Brandon Writes a Program… LIVE!

  • PyEphem is a module that Brandon maintains and sounds cool for astronomy buffs.
  • Astronomy is fun.

Notes From PyATL 2011-10-13

An Example Python Program (Brandon Rhodes)

Looks like he is going to be using Python to do on-the-fly decompression of messages in the maildir format.

Pretty cool that he’s teaching the iterator protocol in passing.

I was not aggressive enough; he’s actually opening the emails and searching them for keywords.

Here’s the part where he emphasizes just how many batteries are included.

Monkeys, Typewriters, and the Complete Works of Shakespeare: A Brief Introduction to List Comprehensions (John Hackett)

He’s preaching to the choir, here. I love me some list comprehensions.

List Comprehensions in Python and Haskell (Kelsey Hightower)

The term came around in 1977 via NPL (never heard of that one before).

Python chose to crib from Haskell.

Haskell needs comprehensions, because that’s The Way™ you do iteration.

I so need to get around to learning Haskell.

[n * 2 | n <- [1..9]] is roughly equivalent to [n * 2 for n in xrange(1,9)]

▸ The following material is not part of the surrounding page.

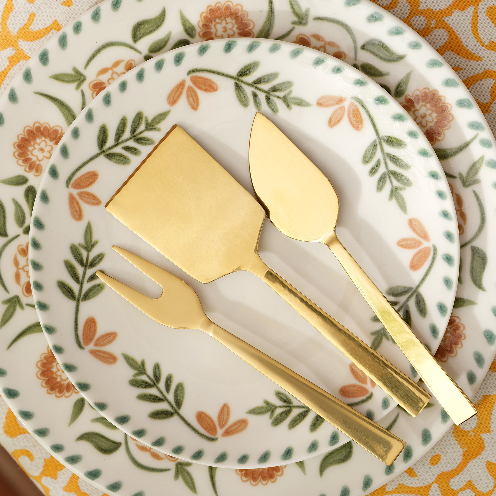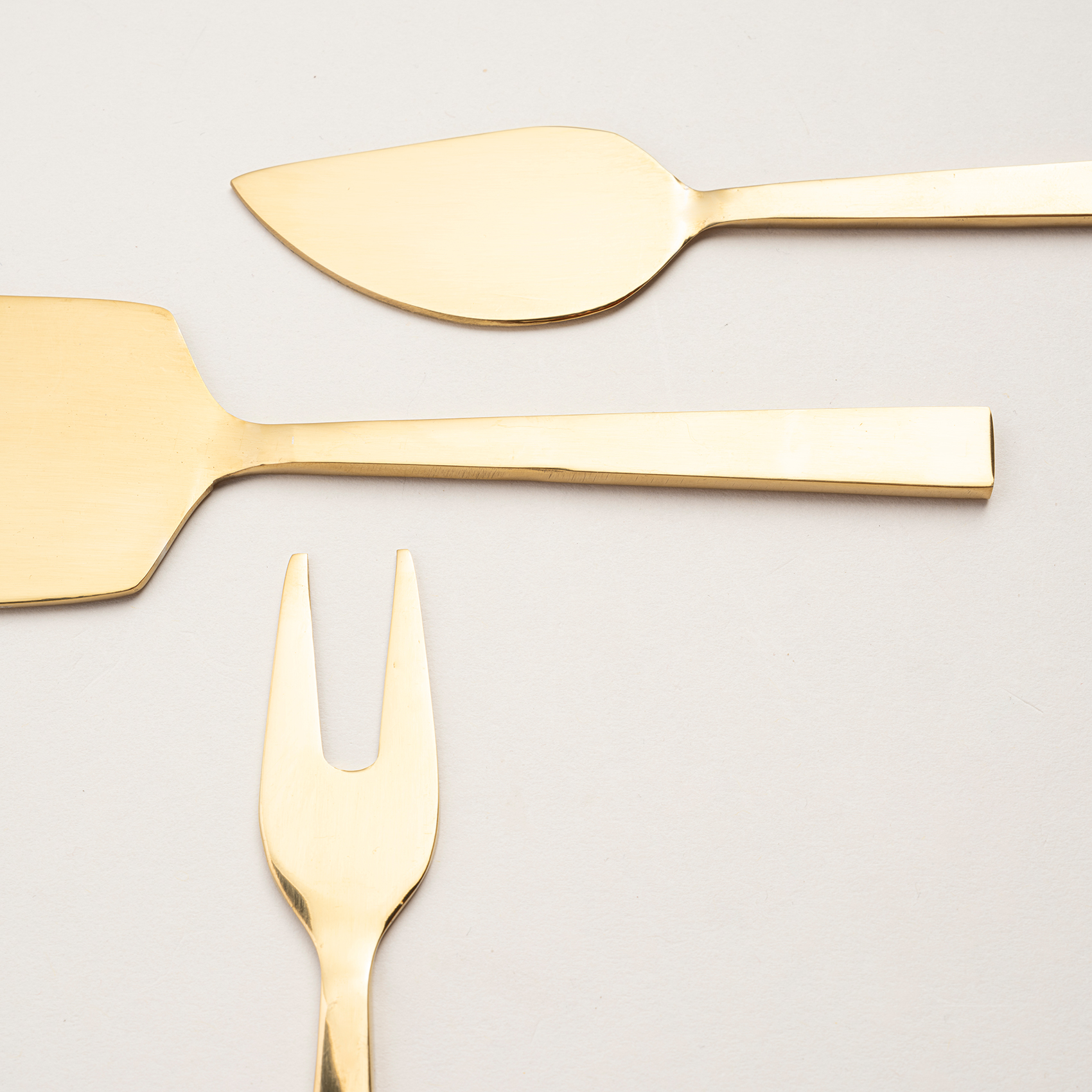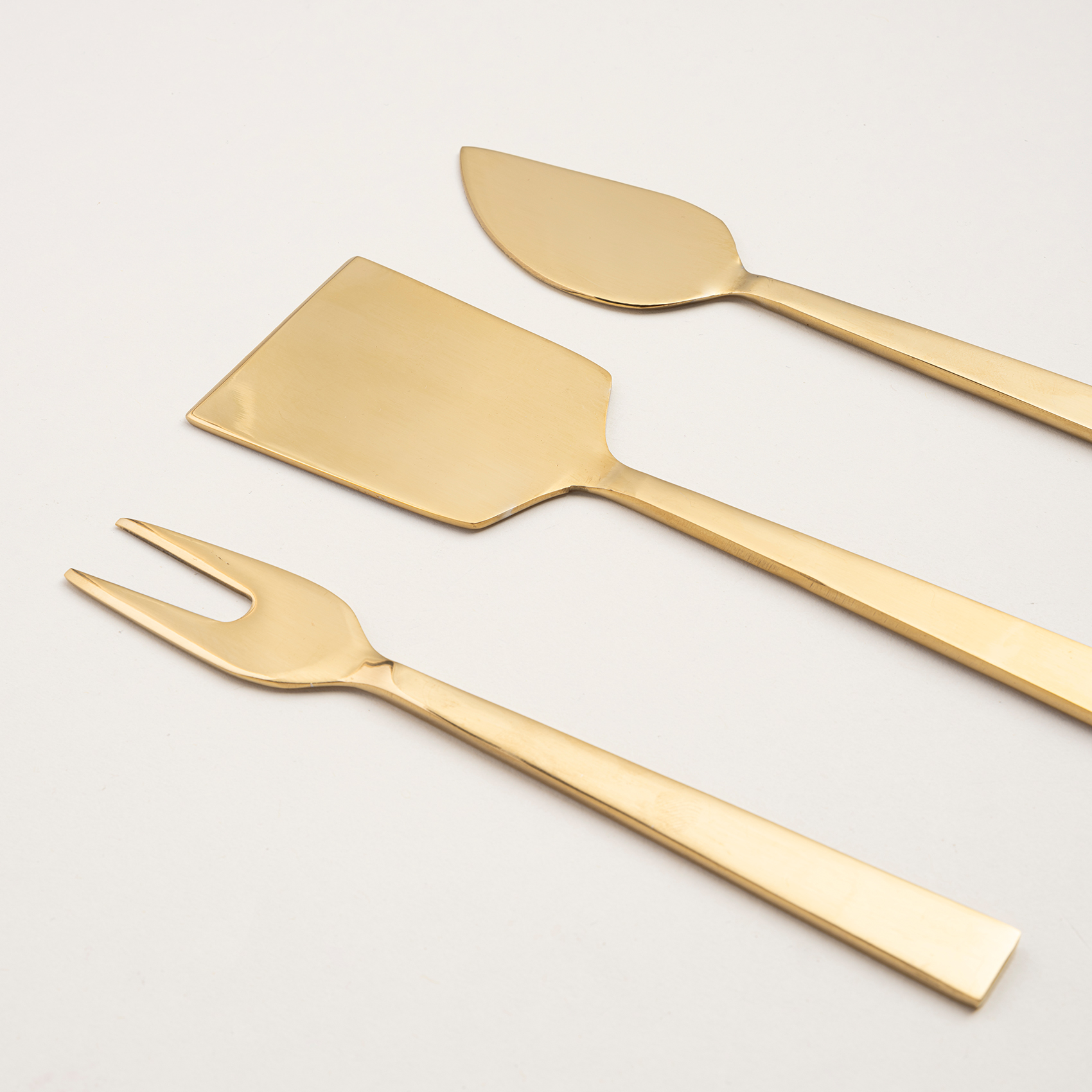Altın PVD kaplama paslanmaz çelik 3’lü peynir seti, Hindistan’da yaşayan zanaatkârlar tarafından el işçiliğiyle üretiliyor. Fonksiyonel tasarımıyla kullanım kolaylığı sunan Rampur peynir seti, altın renginin zarafetini sofralara taşıyor. İnsan sağlığına uygun ve dayanıklıdır.

[x + y | x <- [1,2], y <- [1,2]] is roughly equivalent to [x + y for x in [1,2] for y in [1,2]]

[n * 2 | n < [1..9], n > 3, n < 5] is roughly equivalent to [n * 2 for n in xrange(1,10) if x > 3 and x < 5]

Sweet! You can store list comprehensions as a function and the source can be the parameter to the function.


  • storing a comprehension in a function
  • It’s faster in Haskell
  • Comprehensions are essentially syntax sugar in Python, but they’re fundamental in Haskell.

GEvent + (Rick Copeland)

How many of those beers did Brandon have? He just called us butterflies?